Submit simulation report files in T-Square (but rename them to sesc_lu.mipseb.Part1-p1, sesc_lu.mipseb.Part1-p2, sesc_lu.mipseb.Part1-p4, sesc_lu.mipseb.Part1-p8, and sesc_lu.mipseb.Part1-p16).

Part 2: Using a larger problem

Now repeat the simulations from Part 1, but this time using <size> of 256, and you will only need simulations with 1, 4, and 16 threads.

  1. What is the parallel speedup and parallel efficiency with 4 and with 16 processors when this larger problem size is used?

  2. Compared to your results for the same number of processors from Part 1.A), why is parallel efficiency now better?

  3. Look at the report for the 16-threaded execution and note how processor 0 executed more than its fair share of all instructions. Why is this so?

Submit simulation report files in T-Square (but rename them to sesc_lu.mipseb.Part2-p1, sesc_lu.mipseb.Part2-p4, and sesc_lu.mipseb.Part2-p16).

Part 3: Cache miss behavior

In this part of Project 2, we will be focusing on the number of read misses in the DL1 (Data L1) cache. In the report file generated by the simulator (sesc_lu.mipseb.something), the number of cache read misses that occur in each DL1 cache (one per processor core) is reported in lines that begin with “P(0)_DL1:readMiss=” for Processor 0, “P(1)_DL1:readMiss=” for Processor 1, etc.

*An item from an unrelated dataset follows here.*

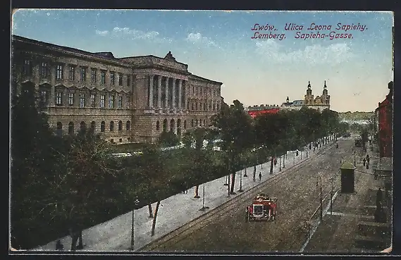AK Lemberg, Sapieha-Gasse mit Strassenbahn
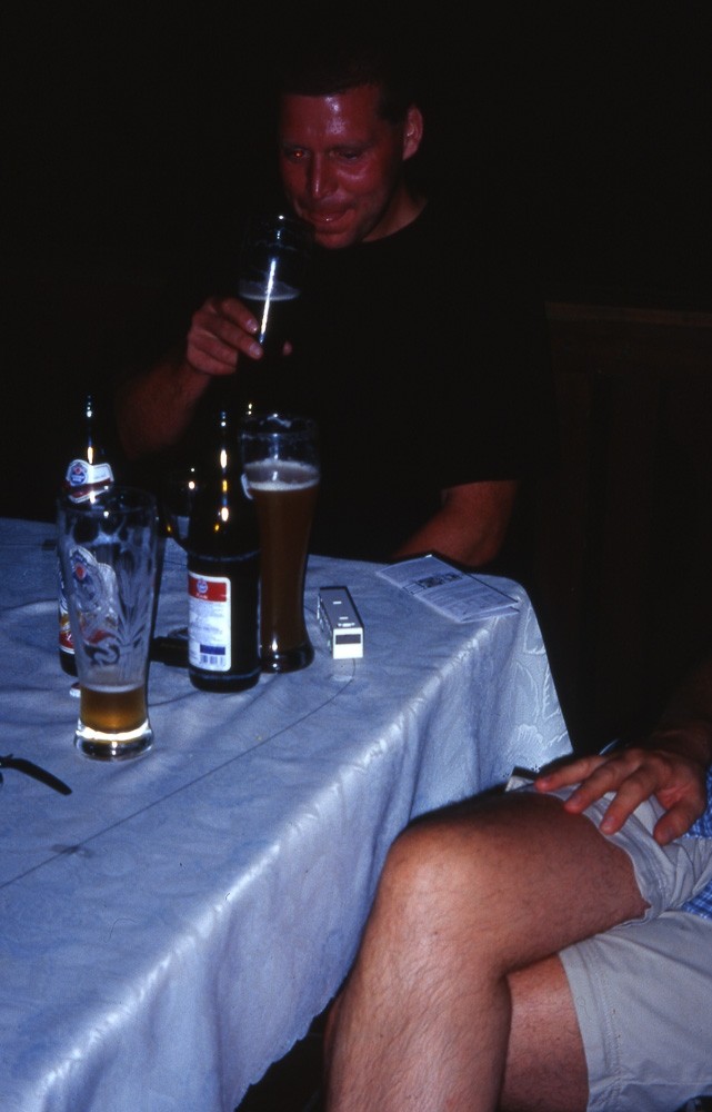 Lutz holt später mal wieder seinen Bus heraus. Wir erzählen Sabine und Huchti, dass wir geradelt sind und Lutz mit dem Bus gefahren ist 😉 Da Lutz schon während unseres Besuchs im Einkaufszentrums vorgetankt hat und mittlerweile in etwa die dritte Sorte Bier und die zweite Sorte Schnapserl intus hat, schläft er schon auf dem Balkon ein. Ein voller Erfolg 😉 Das Bier ist irgendwann ausgetrunken, vor uns liegt morgen eine schwere Bergetappe, und so gehen wir gegen ein Uhr schlafen.

  1. What is the total number of DL1 read misses that occur in simulations from Part 1 (<size> is 128) with 1, 4, and 16 threads/processors used? Why does the number of these misses decrease as we go from one to four threads/processors? Why does the number of these misses increase as we go from four to sixteen threads/processors?

  2. What is the total number of DL1 read misses that occur in simulations from Part 2 (<size> is 256) with 1, 4, and 16 threads/processors used? Why does the number of these misses now decrease as we go from one to four and also as we go from four to sixteen threads/processors? The misses reported as “readMiss” by the simulator are those that occur when a load instruction does not find data in the DL1 cache, so the DL1 cache sends a request to the L2 cache to get that block. Another type of cache miss is one that occurs when the data is not found in the DL1 cache, but the data has already requested from the L2 cache (miss under a miss). The number of such misses is reported as “readHalfMiss”.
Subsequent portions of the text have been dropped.